И еще, прикинув, повелел князь каждому боярину снаряжать с собою обоз – муки взять, меду, овса, бычков на мясо, кольчуг, топоров и копий и прочего разного снаряжения.
Последнее больно кольнуло Одноока, да и не его одного: уж не слишком ли накладна княжеская забава? Не разорит ли он их?..
Но князя ослушаться никто не посмел, никто и слова не проронил поперек, зато, разъезжаясь из детинца, ворчали бояре:
– Сколь годов жили спокойно, не знали забот, тягот. Али нам в своих вотчинах худо?
– Чужая беда – не наша. Нам делить нечего.
– И почто князю не живется? Куды глядит, чего ищет на стороне?
Однако Одноок вольными разговорами баловаться остерегся. Смекал он, что есть у Всеволода повсюду свои глаза и уши. А от того, что выскажет он наболевшее, заботы не убавится. Как бы не прибавилось, как бы не захиреть от тех забот.
Помнил, хорошо помнил Одноок, да и все помнили строптивого соседа по воршинским угодьям – боярина Четверуху. Крепко стоял он на земле, старинного был роду. Его-то отец еще с Мономахом Владимир ставил, а после погиб где-то в половецких степях. Четверуха с Кучковичами спутался, за Ростиславичей стоял, с Моизичем и Захарием знался и даже уходил с Мстиславом в Новгород, но в ту суровую пору неведомо как пронесло мимо него беду.
И вот, когда уж все вроде успокоилось, когда после прихода Всеволода зажили степенно и изобильно, вдруг ни с того ни с сего прошел опасный слушок: приезжали-де к боярину княжеские отроки, терем его зорили, взломали кладовые и бретьяницы и самого увезли в закрытом возке.
Слухи на пустом месте расти не станут: скоро все заметили, что и вправду сгинул Четверуха. Раньше-то у всех он был на виду, громовой его голос слышали на думе, видели, как проезжал он на коне по Владимиру, а тут – будто и не было его.
Стали через того, через другого выведывать бояре (Одноок в это дело не мешался), выспрашивали, вынюхивали и до того довынюхивались, что и еще одного след простыл – Синицу, бывшего владимирского воеводу, тоже отроки взяли.
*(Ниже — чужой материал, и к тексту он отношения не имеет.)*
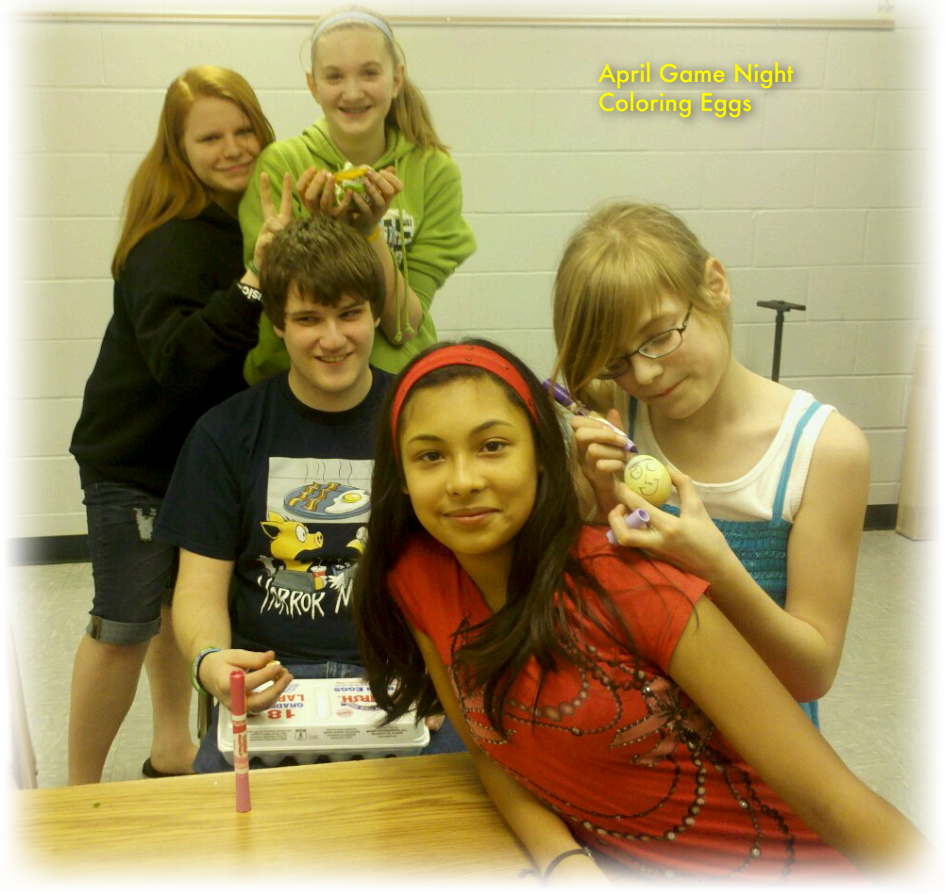
April Game Night Coloring Eggs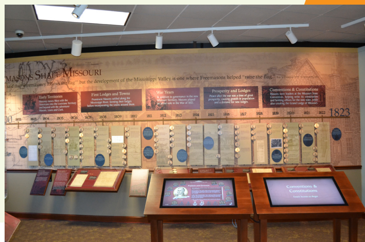
Interactive Touchscreen Displays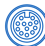
12 pole (3 Amp)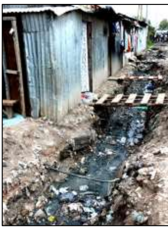
FIGURE 11 – Sewage Lines on School Grounds: The image on the left shows a sewage line covered with boards passing through the center of a school's play area; the image on the right depicts a sewage line near the entrance of a school.

At another school, the head teacher explained, "Drainage is one of the biggest problem. Let's talk of April – I wish I could show you what I saw. The water that has flooded all over that place. Even the water comes up to the classrooms. In fact, children, their legs are in that water. And truly is not even clean water. It's water that has been splashed from the sewages, from all over." Several teachers explained that the latrines would flood and overflow onto school grounds during the rainy season. "You find when it rains now the water tries to come up through the toilet and it spills away, out, causing a disaster to the community."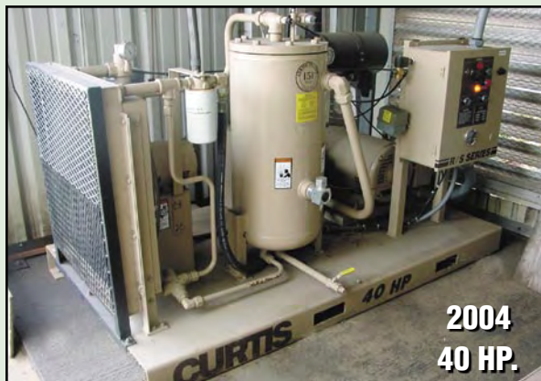
CURTIS MDL. R1540 A/E E-12 ROTARY SCREW AIR COMPRESSOR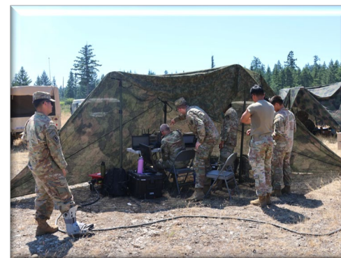
NETOPS providing support during C Co FTX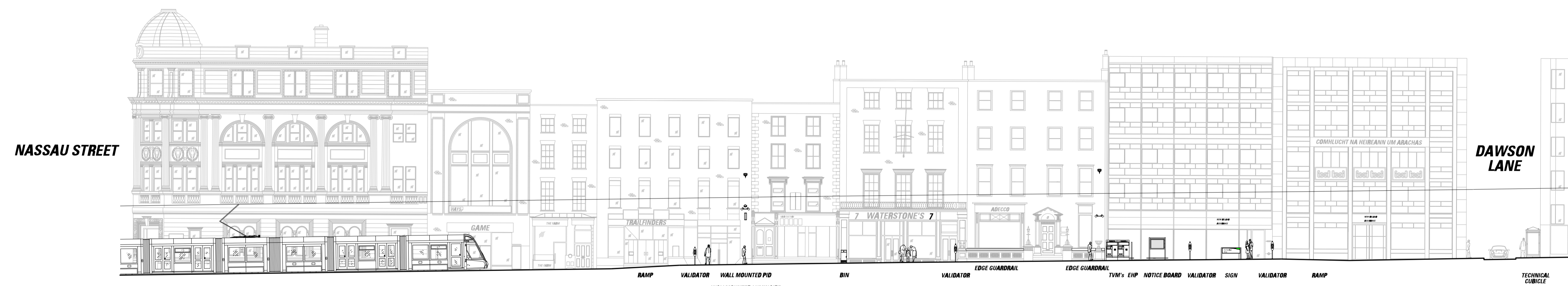
ELEVATION A-A SCALE 1:200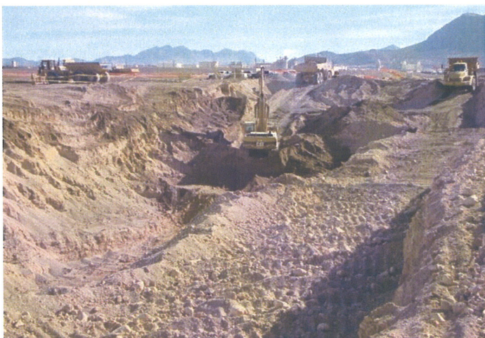
CAMU: NW Basin/Phase IIIB trench excavation.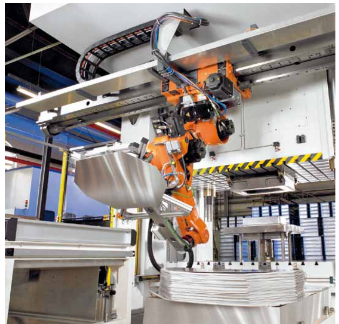
Single press system with robot automation.

Efficient and reliable. Hydraulic single press systems can be loaded or unloaded manually or automatically. In combination with coil lines, destackers / blankloaders or tri-axis transfer systems, they can be used to create turn-key system solutions for cost-effective part production. Equipped with hydraulic bed cushions, cutting shock dampening, slide parallelism control and dynamic cylinder mode switching, hydraulic presses meet all the requirements for efficient production in the stamping plant. A data analysis system supports the press operator with straightforward fault diagnostics of the entire system and helps raise productivity.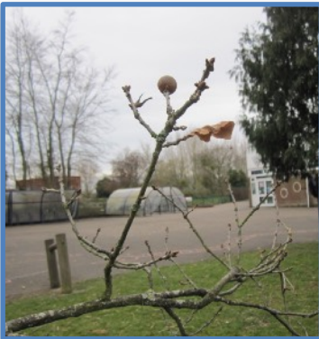
Marble gall on oak planted by YACWAG St Andrew's School 2012

Oaks are prone to galls. In medieval Britain oak galls (known as oak apples) were collected to make dyes and ink. Marble galls from Italy were introduced to Devon in the 1830s for ink making and by 1860 could be found all over Britain as far north as Scotland. There was concern that this introduction would reduce the crop of acorns, which were an important winter food for pigs, but that was unfounded. More recently the abundance of the knopper gall, which has only been in England since the 1960s, was similarly feared likely to reduce acorn production, but after an initial boom, the tiny wasp that makes the knopper galls is not threatening the continuity of our oaks. The knopper gall wasp requires the Turkey oak to complete its life-cycle.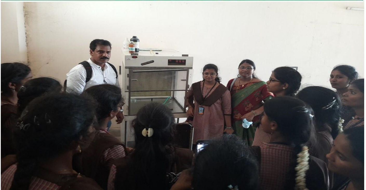
TISSUE CULTURE LAB AT NAIRA, SRIKAKULAM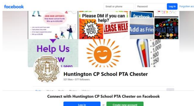
The PTA Facebook page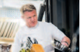
Gordon Ramsay's 24Hrs to Hell and Back, 8.30pm on TVNZ 1

5pm Pipi Ma 5.05 Takaro Tribe 5.20 Kia Mau 5.30 Takoha 5.40 Te Nutube 5.50 ZooMoo 6pm Kai Safari 6.30 Te Ao Marama 7.30 The Outliers 8pm Ahikaroa M 8.30 Circuit M 9.30 Taringa 10.20 Senior Kapa Haka Regionals 10.50 Whakatauki 11.20 Te Kauta 11.50 Closedown THURSDAY 6.30 Pipi Ma 6.35 Takaro Tribe 6.50 Kia Mau 7am Te Ao Tapatahi 8am Takoha 8.10 Te Nutube 8.20 ZooMoo 8.30 Darwin + Newts 8.40 Purakau 8.50 Paia 9am Traditional Kai 9.30 Opaki 10am Wairua 10.30 Tangaroa With Pio 11am Nga Tangata Taumata Rau Noon Pukuhohe 12.30 Matau 1pm Nga Pari Karangaranga O Te Motu 1.30 Ako 2pm Toku Reo 3pm Korero Mai 3.30 Pukuhohe 4pm Te Mana Kuratahi 4.30 Matika 5pm Pipi Ma 5.05 Takaro Tribe 5.20 Kia Mau 5.30 Takoha 5.40 Te Nutube 5.50 ZooMoo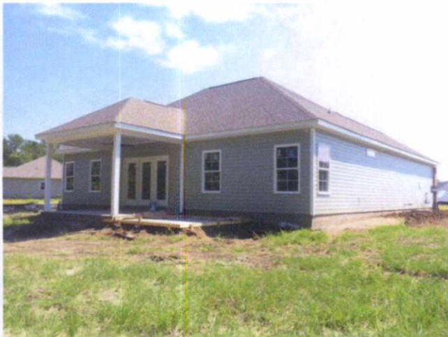
Rear View (6/23/15)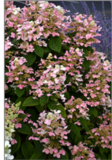
Quick Fire Hydrangea flowers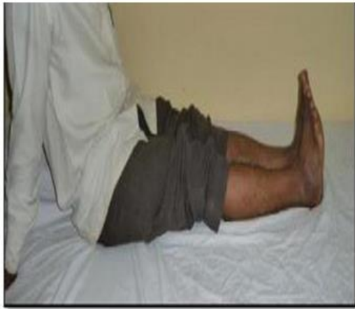
DORSIFLEXION OF ANKLE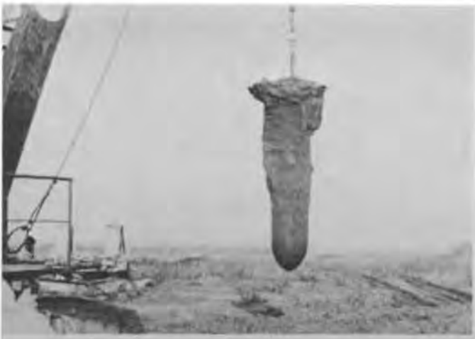
Fig. 3 - The sample is pulled out by the Crane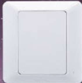
3x3 Blank Plate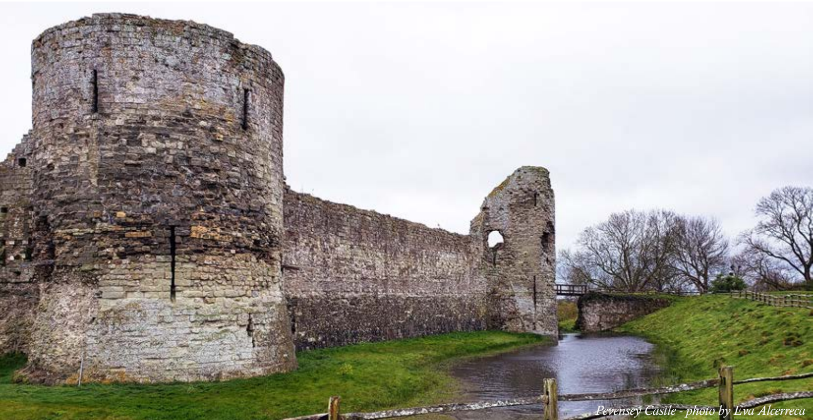
Pevensey Castle

Тут притихли все. И только год спустя все доподлинно известно стало: спутались бояре с ростовскими да новгородскими крикунами, Мартириевым золотишком не брезговали – вот и угодили в поруб. А имения их и угодья Всеволод взял себе.
Тако вот всяким говорунам и крамольникам. Нет уж, лучше помолчит Одноок, покуда не спрашивают. А спросят, то и тут не сразу ответит, а прознает наперед, как ответствовать надо...
Вернувшись на двор свой с дружиною, немного поостыв, почувствовал вдруг боярин внезапный приступ неостудной тоски. Разглядывая расположившихся повсюду горланящих мужиков, пожалел он выданной им добротной брони, топоров и оскордов, а еще боле пожалел, что придется открыть для них кладовые, кормить да поить да глядеть, как без пользы нагуливают они жиры на его дармовых хлебах.
– Ртов-то сколько, ртов-то... – сокрушенно покачал он головой. – Эко выставиться захотел, вот теперь и расхлебывай.
И еще подумал боярин, что добрых коней загонит он к следующему разу в табуны, что подыщет воям кольчужку попроще – все равно посекут ее в поле, кому от этого польза?..
3
В дурном расположении духа вернулся Конобей из детинца. Опять обошел его везучий Одноок, выставил всему городу на посмешище.
Что бы такое придумать? Как бы привлечь к себе внимание князя?.. Не попотчевать ли Кузьму, не ублажить ли княжеского любимца? Любит Ратьшич попировать, любит потешить душу песнями да скоморохами – так не расстелить ли во дворе своем скатерть, не закатить ли широкий пир, чтобы все знали: щедр Конобей, душа у него открытая, а сердце ласковое?.. То-то подавится своим куском Одноок, то-то покусает локотки.
Любому хорошему делу задумка – начало. Кликнул к себе Конобей сокалчих своих, ключников и ключниц и так им сказал:
– Несите все, что есть в медушах и погребах, для добрых людей добра не жалейте.
Шум и суматоха поднялись на боярском дворе, дым столбом. А к Ратьшичу послал Конобей отрока, нарядив его в красную рубаху.
– Кланяется тебе боярин наш, – сказал отрок, – и просит быть у него на пиру.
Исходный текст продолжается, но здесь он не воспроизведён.